A good first step is for you to review the [Asterisk Issue Guidelines|https://wiki.asterisk.org/wiki/display/AST/Asterisk+Issue+Guidelines] if you haven't already. The guidelines detail what is expected from an Asterisk issue report.

Then, if you are submitting a patch, please review the [Patch Contribution Process|https://wiki.asterisk.org/wiki/display/AST/Patch+Contribution+Process].

By: Mark Michelson (mmichelson) 2016-12-28 13:06:40.598-0600

We require additional debug to continue with triage of your issue. Please follow the instructions on the wiki [1] for how to collect debugging information from Asterisk. For expediency, where possible, attach the debug with a '.txt' file extension so that the debug will be usable for further analysis.

Thanks!

[1] https://wiki.asterisk.org/wiki/display/AST/Collecting+Debug+Information

The backtraces are very helpful, but debug logs from Asterisk at the time of the crash can help us to reproduce and fix the issue better.

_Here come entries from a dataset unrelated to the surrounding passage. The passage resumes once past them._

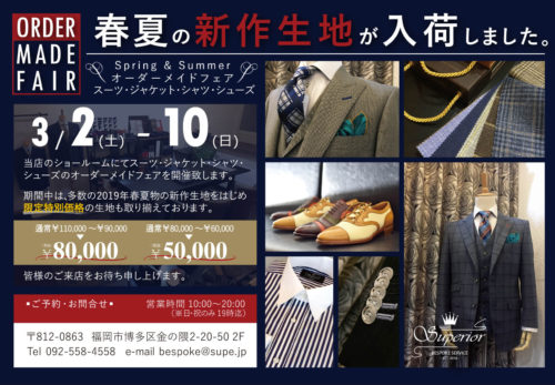 SUPERIOR BESPOKE SERVICE –春夏オーダーメイドフェア&…
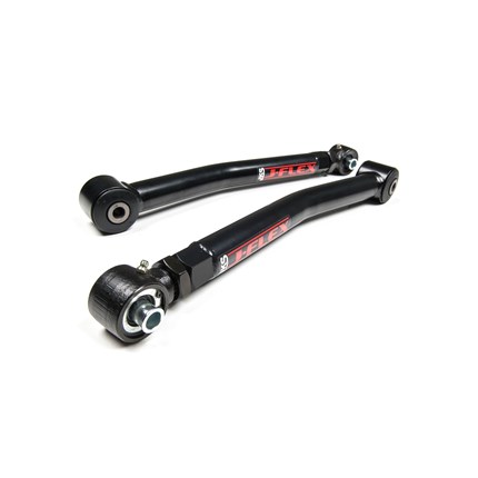 Your Jeep Wrangler JL and Gladiator JT will benefit from JKS J-Flex adjustable rear upper control arms. They adjust for proper geometry while increasing driving comfort on the road. J-Flex arms are built from heavy duty 2” OD x .250-wall DOM tubing and CNC bent for additional clearance. At the axle mount, J-Flex arms feature premium OE style rubber bushings to absorb noise and reduce vibrations for a comfortable, quiet ride and maintenance-free operation. At the frame-side mount, J-Flex arms incorporate a unique hex-shaped threaded bung for easy adjustment of the forged flex end and 1-1/4”-12 threads jam nut Flex end design allows for 30-degrees of misalignment (15 in either direction) for impressive articulation and are greaseable to ensure long bushing life. When the time comes, JKS flex ends are rebuildable. As with all JKS control arms, these J-Flex lower control arms come finished in a durable gloss black powder coat finish and are backed by JKS’s limited lifetime warranty. Sold in pairs.
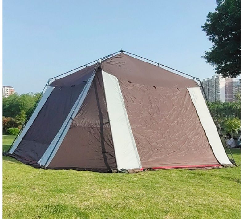 広々とした六角形デザインで家族や仲間との集まりに最適なキャンプ用品です。
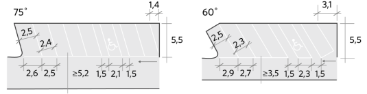 Snedparkering 75 grader respektive 60 grader mot körbanan
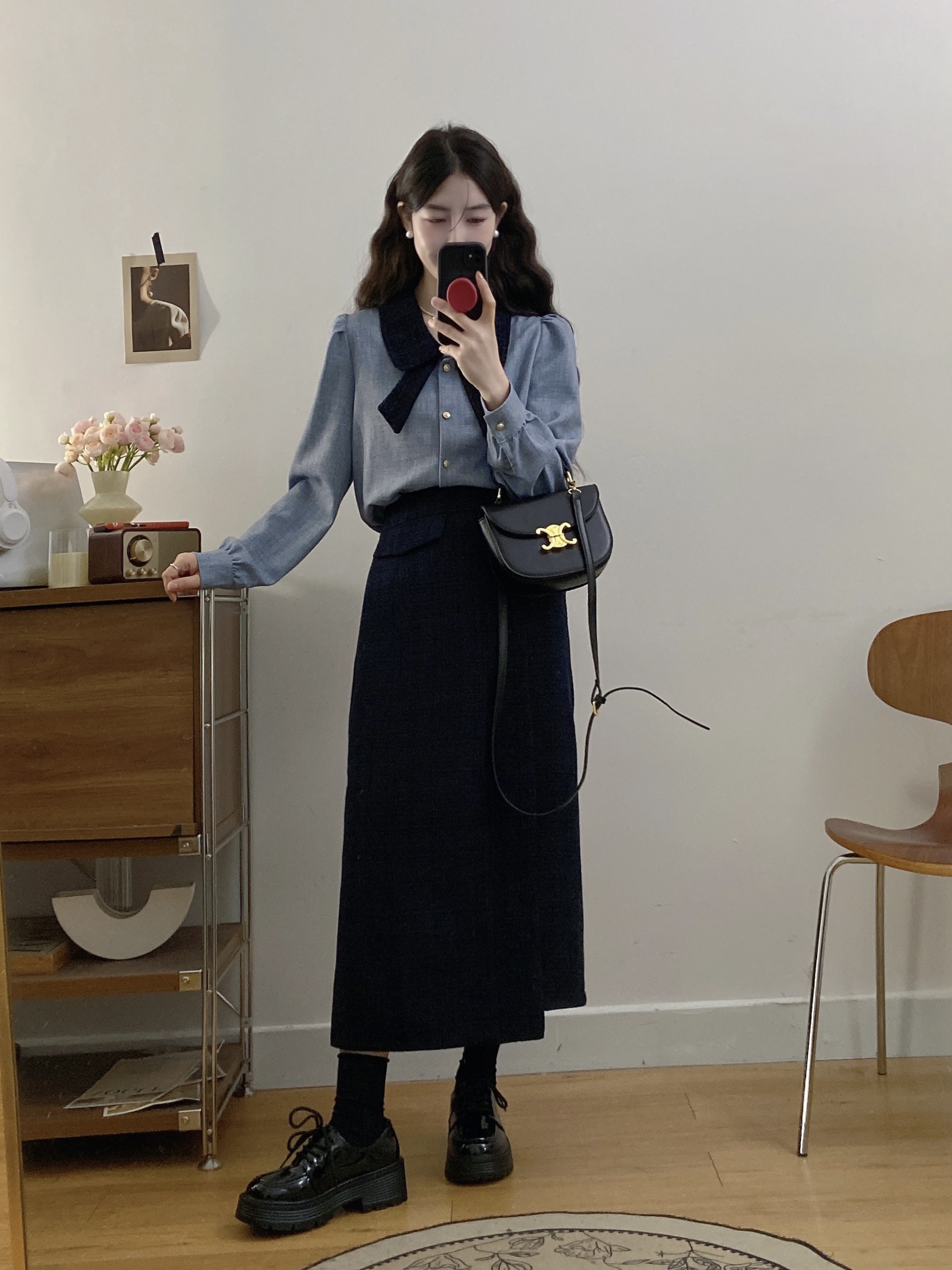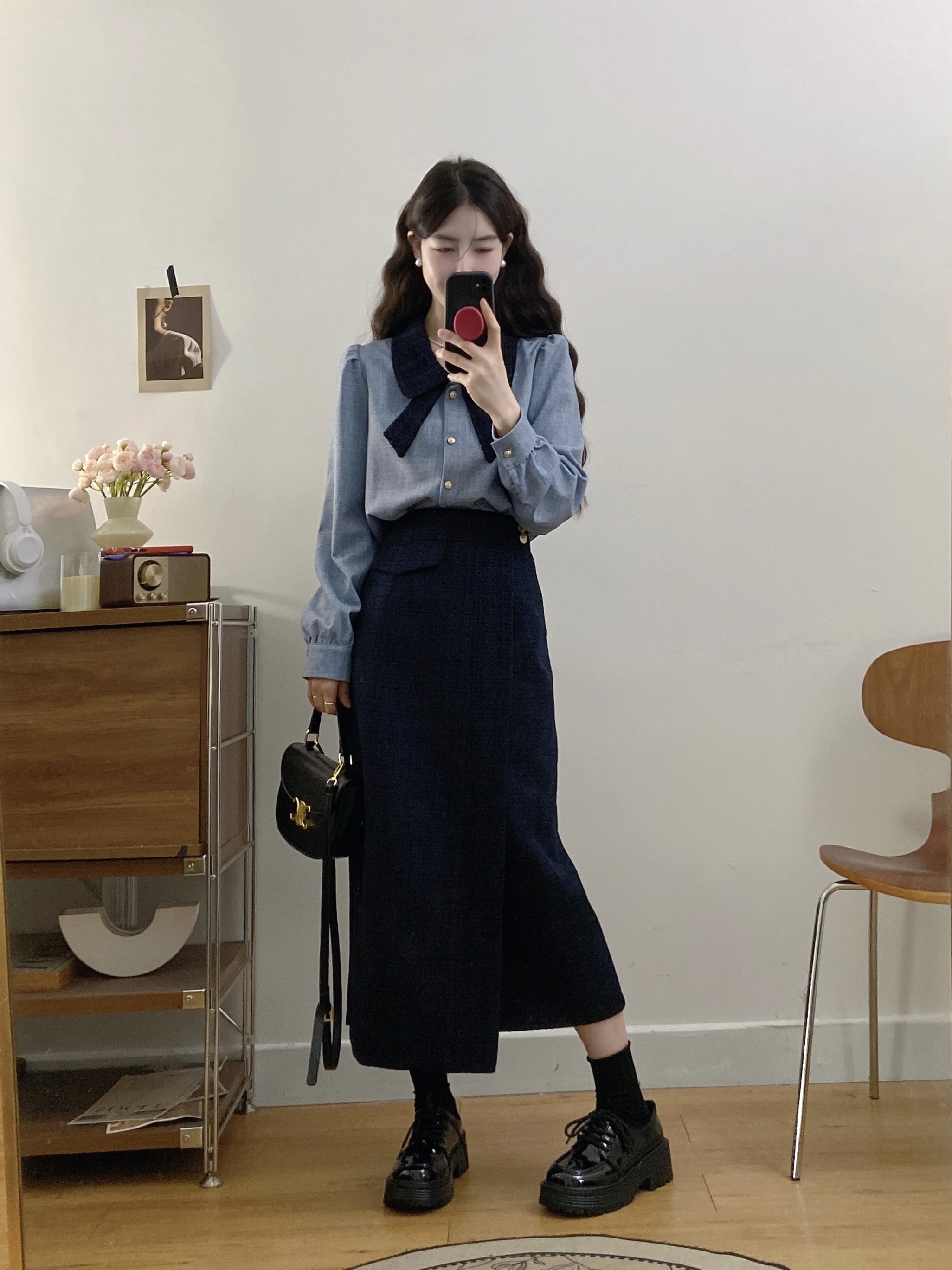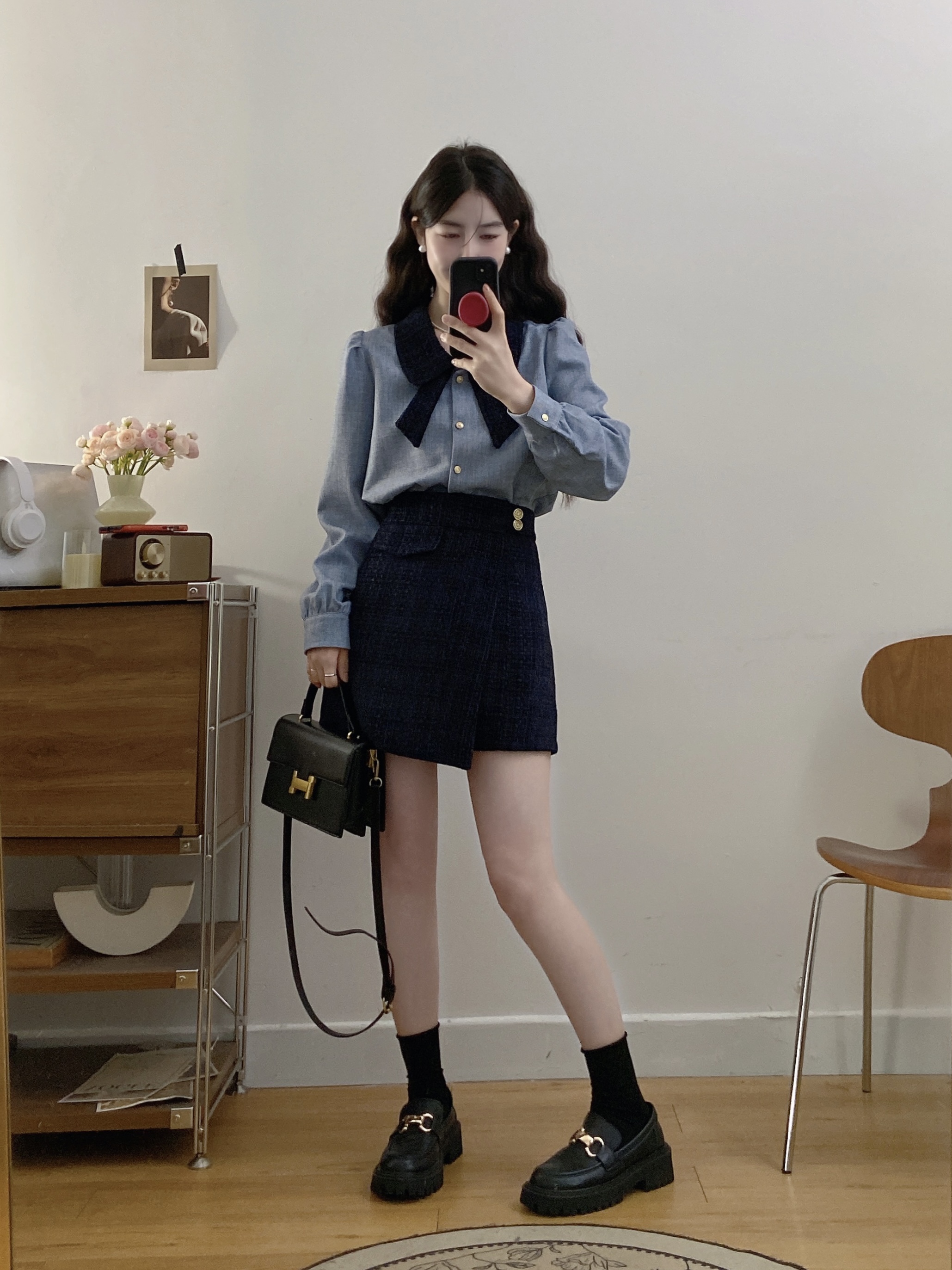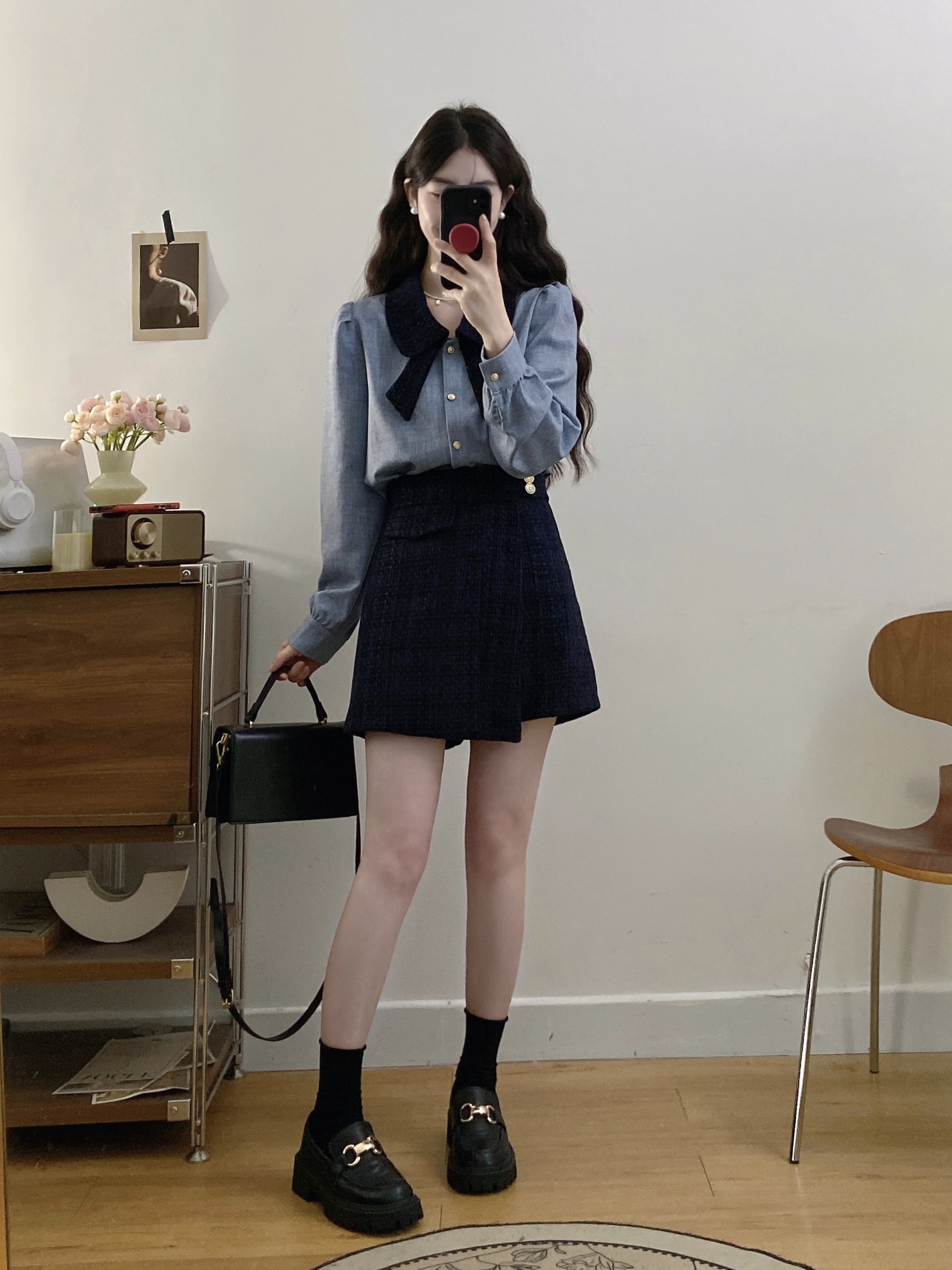 실사 빅 사이즈 여성 의류 2026 봄 새로운 한 부서 미니멀리즘 품격 다용도 셔츠 하이웨이스트 반신 치마 세트

By: Ross Beer (rossbeer) 2016-12-28 13:42:09.661-0600

I have a patch which I am currently testing for PJSIP. Once confirmed it resolves the crash I will have it committed to gerrit.

By: Ross Beer (rossbeer) 2017-01-13 10:44:56.291-0600

Alexei Gradinari provided the attached patch to resolve this issue, I believe the patch resolves this issue.

By: Rusty Newton (rnewton) 2017-01-14 14:09:10.982-0600

Awesome that it solves the issue. [~alexei gradinari] will need to attach it to the issue and mark it as a contribution for us to run with it, or Alexei can push it onto Gerrit.

By: Joshua C. Colp (jcolp) 2017-01-31 12:07:32.036-0600

[~rossbeer] It would be nice to understand what particularly scenario caused this to happen and how it got there. Is a debug log as originally asked available?

By: Ross Beer (rossbeer) 2017-02-01 04:48:59.346-0600

After getting the latest GIT branch of 13 and using the packaged PJSIP I have not experienced this issue again.

I will continue to monitor and will update you if the issue happens again.